Hadenglen and CEO fined over re-mortgage and PPI selling
LOSSES & LAWSUITS
In May 2006 the FSA found that Hadenglen had exposed around 2,000 re-mortgage and 1,900 PPI customers to an unacceptably high risk of buying a product that might not have been in their best interests. PPI customers were advised to purchase a product that might not have been suitable for their needs or under which they were not able to claim.
Hayes was responsible for business practices, and appropriate systems and controls for selling PPI and re-mortgages. He failed to ensure that sales practices for PPI were adequate, while his sales strategy for re-mortgages did not consider the risk that customers would have to pay an early redemption charge and other fees when re-mortgaging might have been unsuitable. Hadenglen did not gather enough information from customers and did not take into account the cost of payment protection insurance when making a recommendation.
The fines would have been much higher had Hayes not in the interim implemented a comprehensive review of systems and controls, retaining external consultants to advise on the process.
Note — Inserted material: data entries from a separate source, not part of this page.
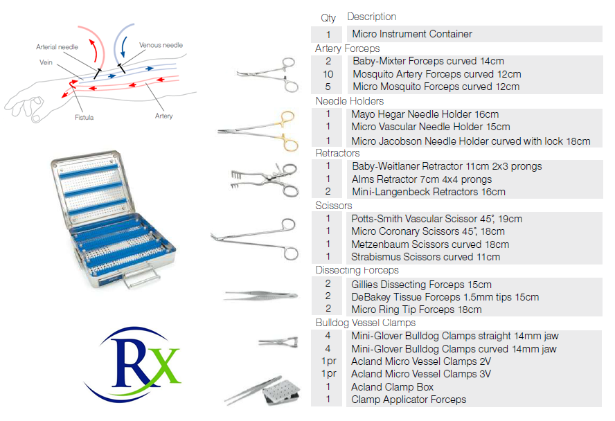 Juego de Instrumentos Quirúrgicos para Fístula Vascular Arteriovenosa
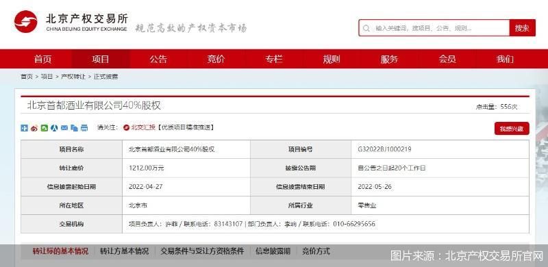 根据北京产权交易所官网披露的转让信息,此次转股的转让方为北控京泰,为首都酒业第二大股东,转让股权数量为北控京泰持有的全部首都酒业40%股权,转让底价为1212万元 ,价款支付方式为一次性支付。
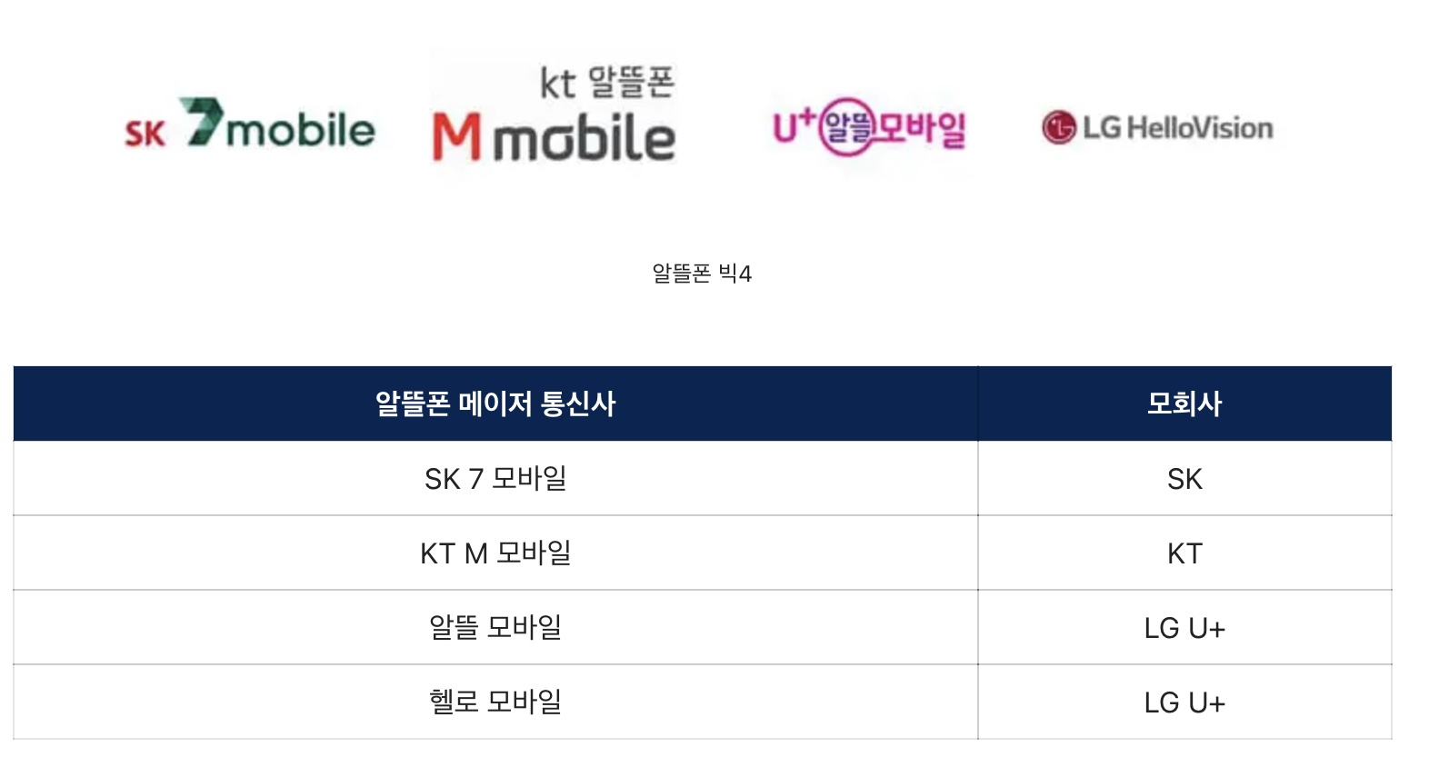 위 4개 알뜰폰 통신사는 기존 3사 통신사의 자회사입니다.
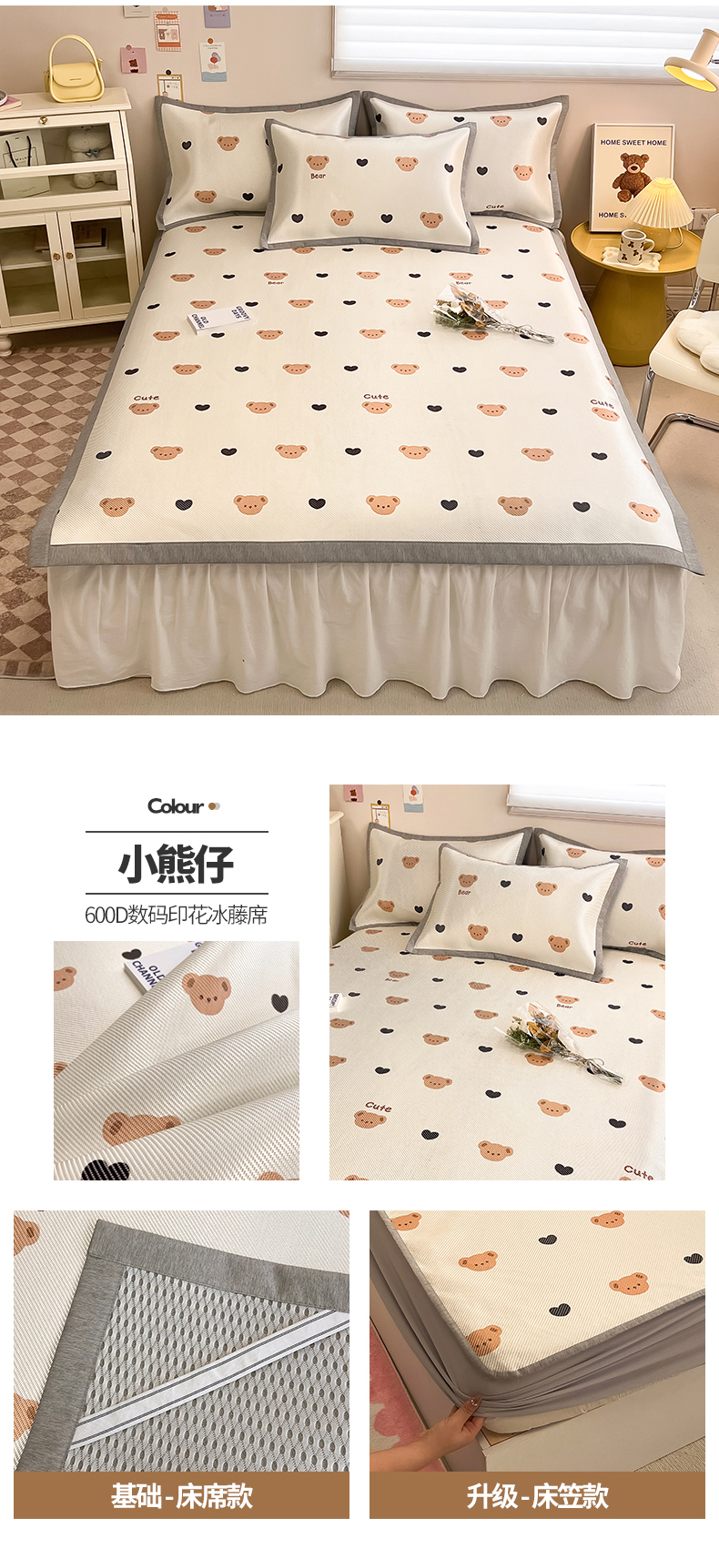 商品名称:懒猫家纺 2024新款600D数码印花冰藤凉席-床单款 小熊仔

Hadenglen has now implemented a remedial action plan for its consumers, including a customer-contact exercise and amendments where appropriate.
Hayes and Hadenglen also agreed to an early settlement to the FSA investigation, qualifying under the executive settlement procedures for a 30% discount. Despite this, the FSA said its judgment should leave senior management in no doubt of being held to account should they fail to treat customers fairly.